@meta-sql/lineage
Version:
Library for processing lineage from SQL
146 lines (108 loc) • 4.55 kB
Markdown
# @meta-sql/lineage
A TypeScript library for extracting column-level lineage from SQL queries, implementing the [OpenLineage Column Lineage Dataset Facet specification](https://openlineage.io/docs/spec/facets/dataset-facets/column_lineage_facet/).

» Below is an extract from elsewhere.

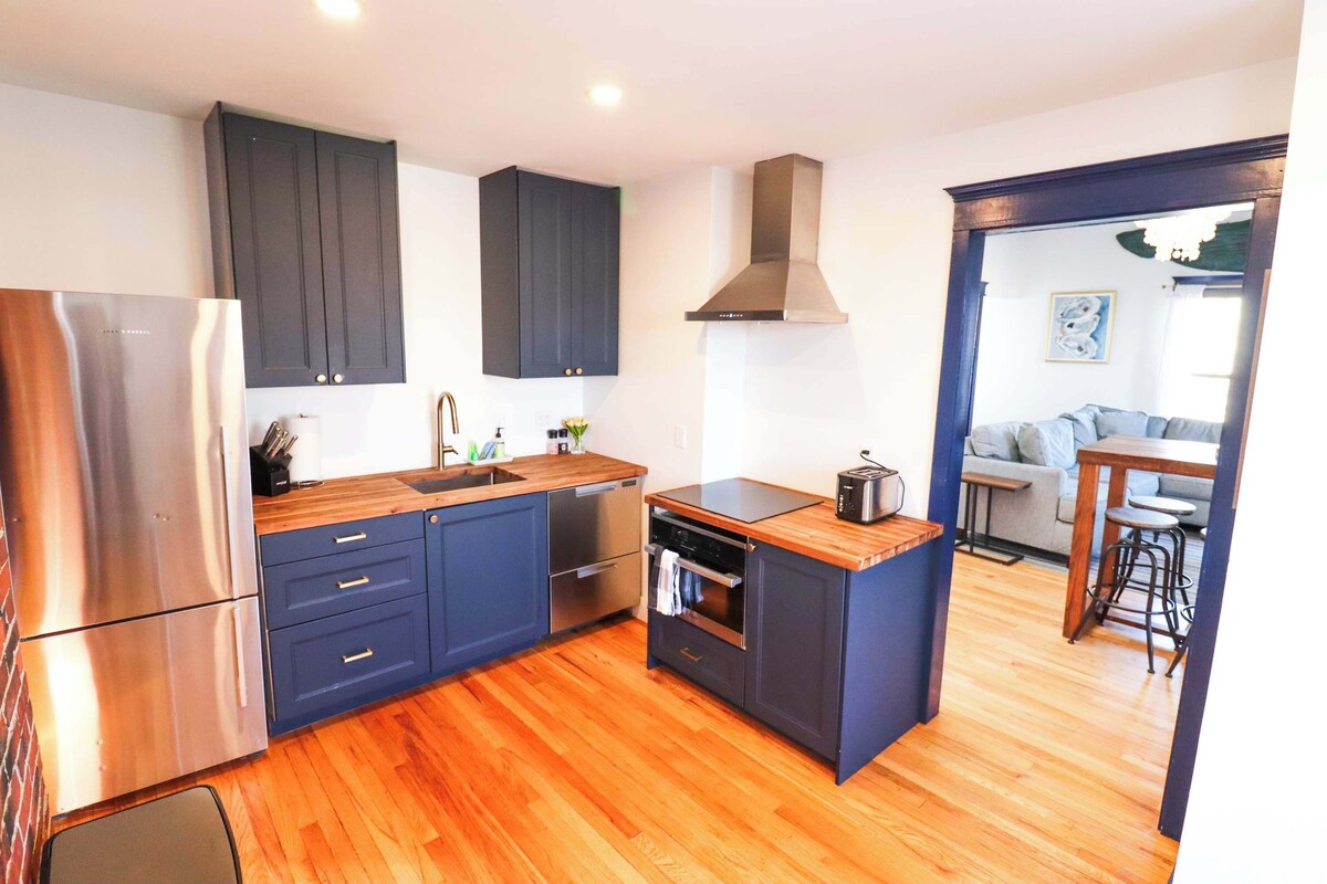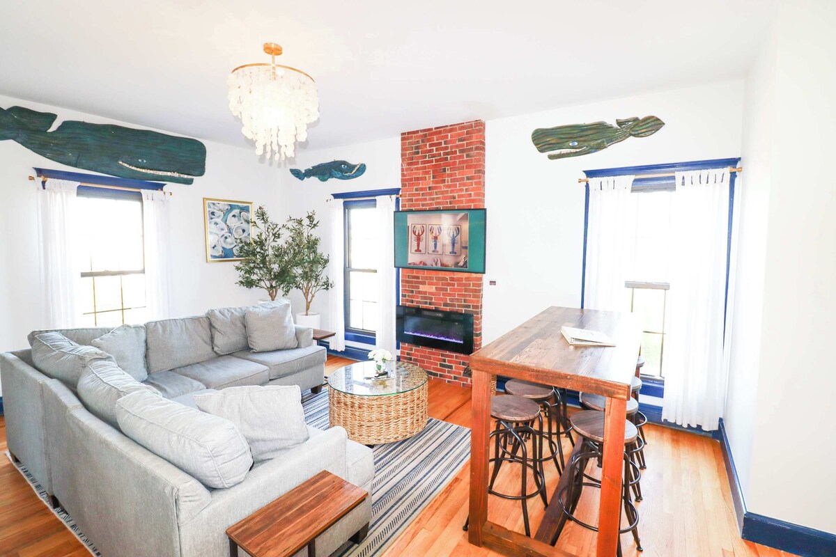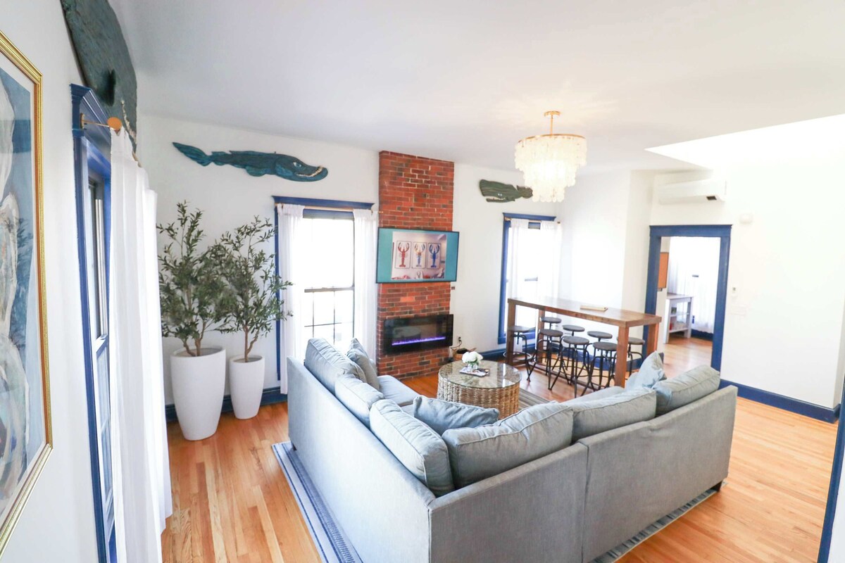 Summary: This large and open space is the perfect home base for a group visit to Portland. 10 minute walk to Old Port with off-street parking. Beautiful in town treetop views and partial harbor views. This spacious penthouse unit is on the 2nd and 3rd floors of the historic 1848 Sea Captain Ingraham mansion. License # STHR 00 4723 2023 The Space: This spacious, two-level unit features rich navy accents, original brick walls, skylights, and wood-beamed ceilings that highlight its historic charm. Spanning the left side of the second floor and the entire third floor, it offers plenty of space for groups or families. The second floor includes a large, comfortable living room with a sectional sofa, a dining bar with seating for eight, and a modern kitchen with high-end appliances. A half bath is conveniently located nearby. Just off the kitchen is a cozy queen bedroom with a sliding barn door for added charm and privacy. Upstairs, you'll find three additional queen bedrooms, each with ample storage and hanging space. The primary bedroom also includes a queen sleeper sofa and an ensuite bathroom featuring a rainhead shower for a luxurious experience. A second full bathroom with dual control shower and washer/dryer serves the remaining bedrooms on this floor. The Neighborhood: Located on Park St in Portland's West End, the property is surrounded by historic homes and brick sidewalks. The Old Port is just 10 minutes away as well as Congress St and the Arts District within a few blocks. Getting Around: You will have dedicated off-street parking for 2 mid-sized cars (tandem). There is free street parking but it can be challenging at certain times of day. The location is very walkable and Uber/Lyft is typically within a few minutes. Our prices include all fees. No hidden fees.

> ⚠️ **Experimental**: This library is currently in active development and may undergo significant changes. APIs, interfaces, and functionality may change without notice in future versions. Use with caution in production environments.
## Overview
This library analyzes SQL SELECT statements to generate detailed column-level lineage information, tracking how data flows from input columns to output columns through various transformations like joins, aggregations, filters, and CTEs (Common Table Expressions).
## Features
- ✅ **Column-level lineage extraction** from SQL SELECT statements
- ✅ **CTE (Common Table Expression) support** with nested lineage tracking
- ✅ **Direct transformations** (IDENTITY)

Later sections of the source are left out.